##### Dataset content

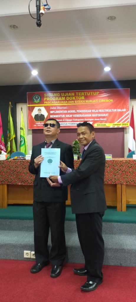 MATA Carlan tak bisa melihat sejak lahir. Namun semangatnya mampu menghantarkannya jadi ASN terbaik se Jawa Barat pada 2019. Kini, selangkah lagi dia bakal menjadi doktor pertama Pascasarjana IAIN Syekh Nurjati Cirebon.
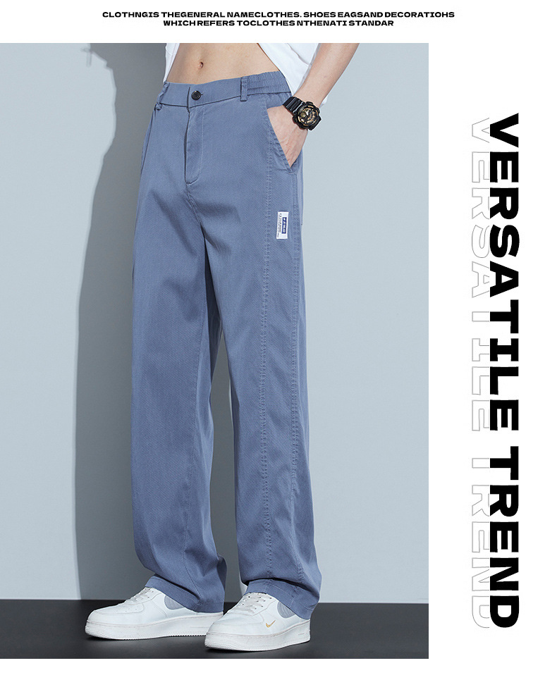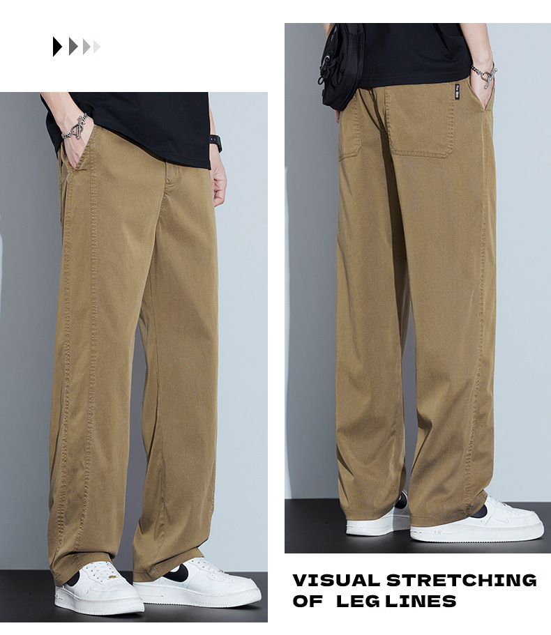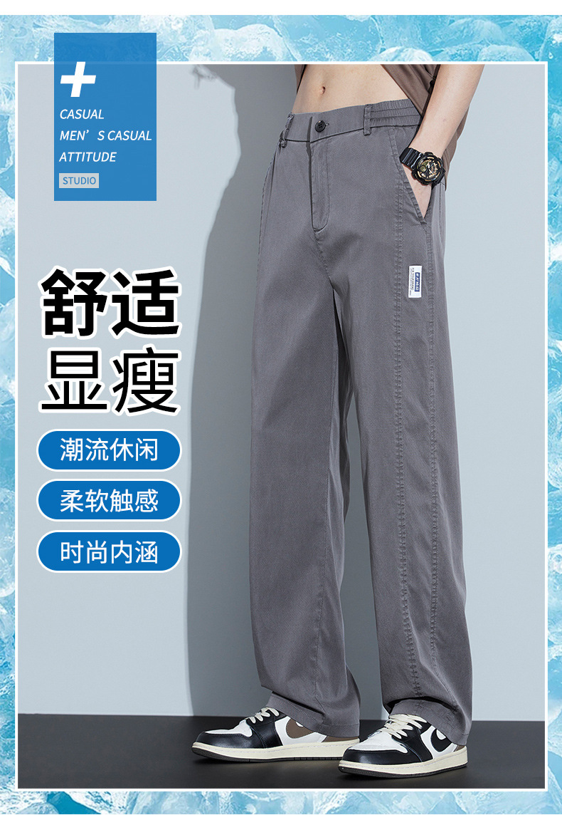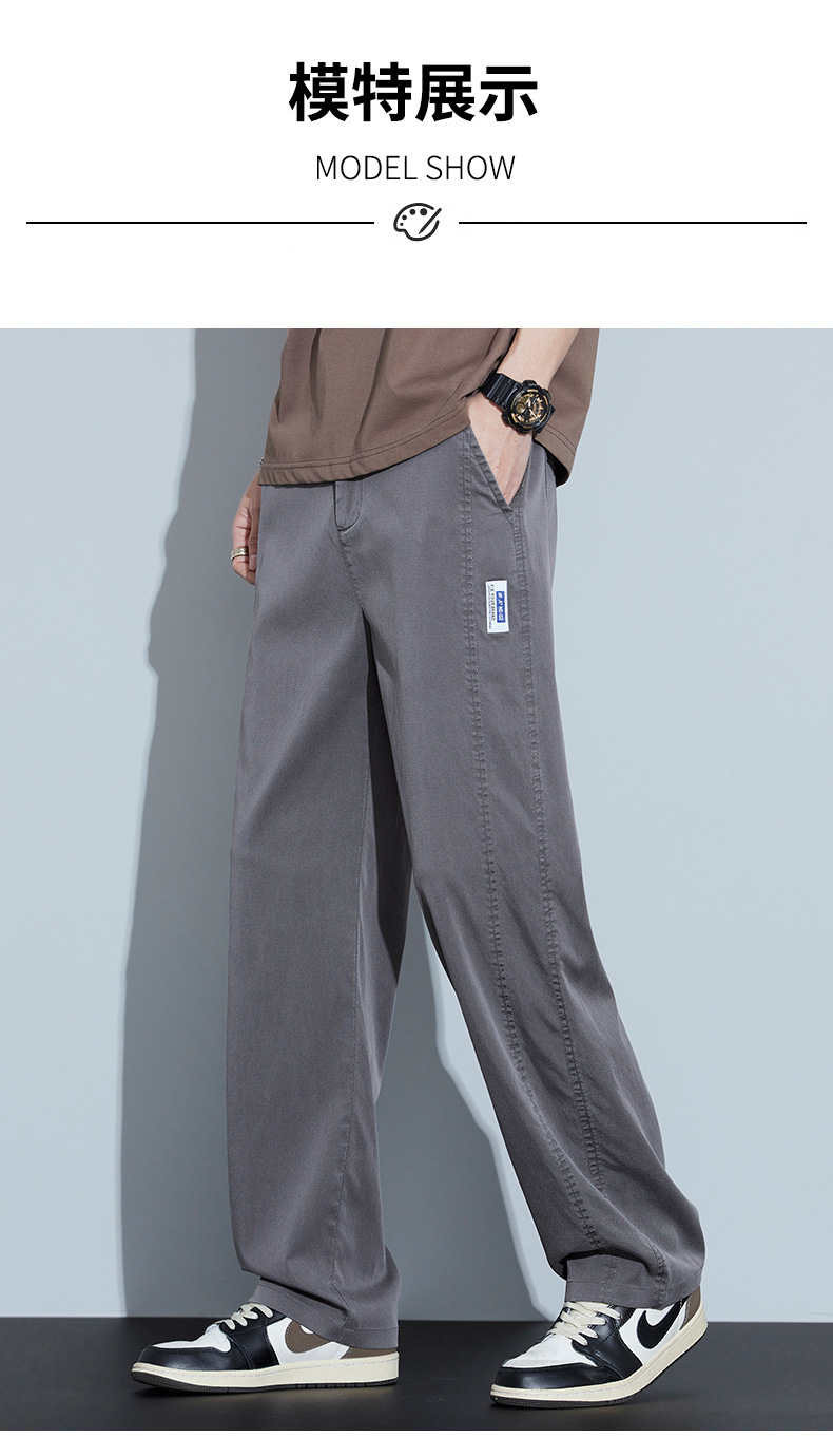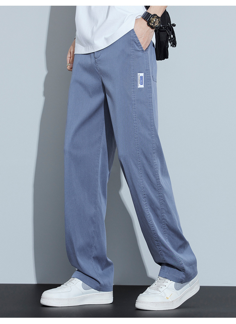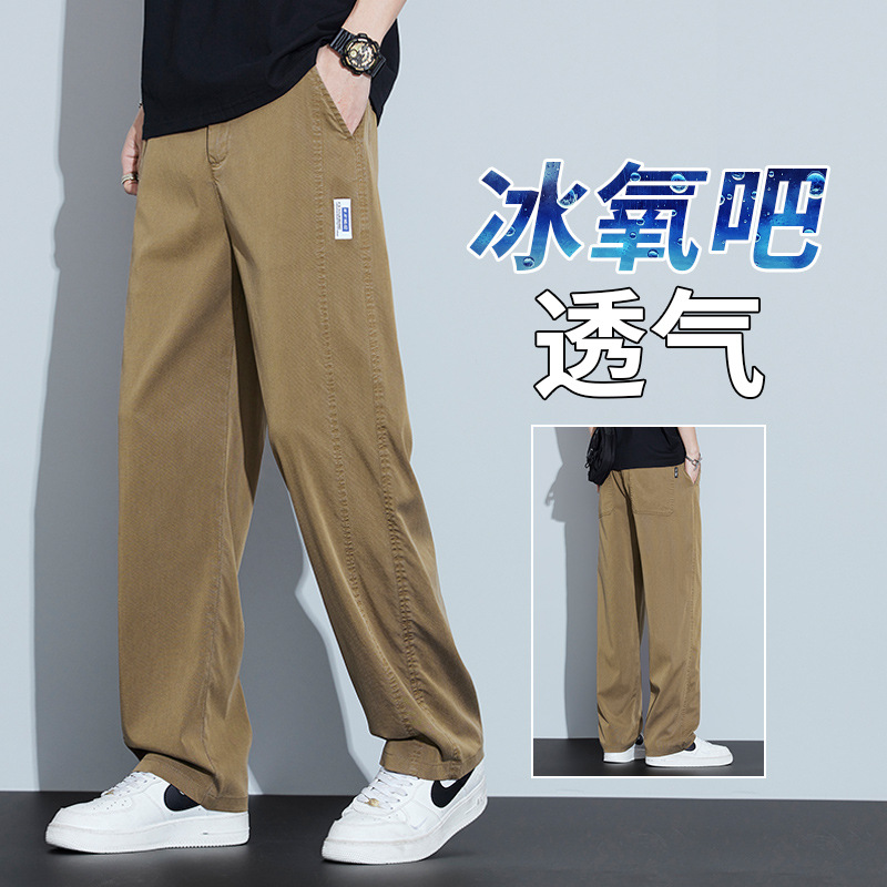 2025 봄과 여름 새로운 아이스 실크 에어컨 바지 느슨한 스트레이트 경량 통기성 트렌디 울트라 얇은 남성용 캐주얼 바지
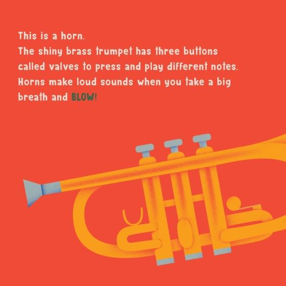 "This first introduction to horns is a great way to teach young readers about musical instruments. The playful language and colorful illustrations make this a fun read for little ones and encourages them to find horns all around them!" — KIDS Bookshelf
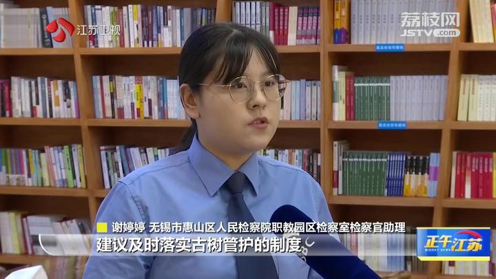 无锡市惠山区人民检察院职教园区检察室检察官助理谢婷婷说:“我们向惠山区城管局发出诉前检察建议,建议及时落实古树管护的制度来抢救复壮濒危的一些古树,切实来加强古树名木的养护和管理。”

##########

(Problem description)
Would you restate word for word only the lines from the line with "2025 봄과 여름 새로운" to the last line above, with the pictures left out?

(Result below)
 2025 봄과 여름 새로운 아이스 실크 에어컨 바지 느슨한 스트레이트 경량 통기성 트렌디 울트라 얇은 남성용 캐주얼 바지
 "This first introduction to horns is a great way to teach young readers about musical instruments. The playful language and colorful illustrations make this a fun read for little ones and encourages them to find horns all around them!" — KIDS Bookshelf
 无锡市惠山区人民检察院职教园区检察室检察官助理谢婷婷说:“我们向惠山区城管局发出诉前检察建议,建议及时落实古树管护的制度来抢救复壮濒危的一些古树,切实来加强古树名木的养护和管理。”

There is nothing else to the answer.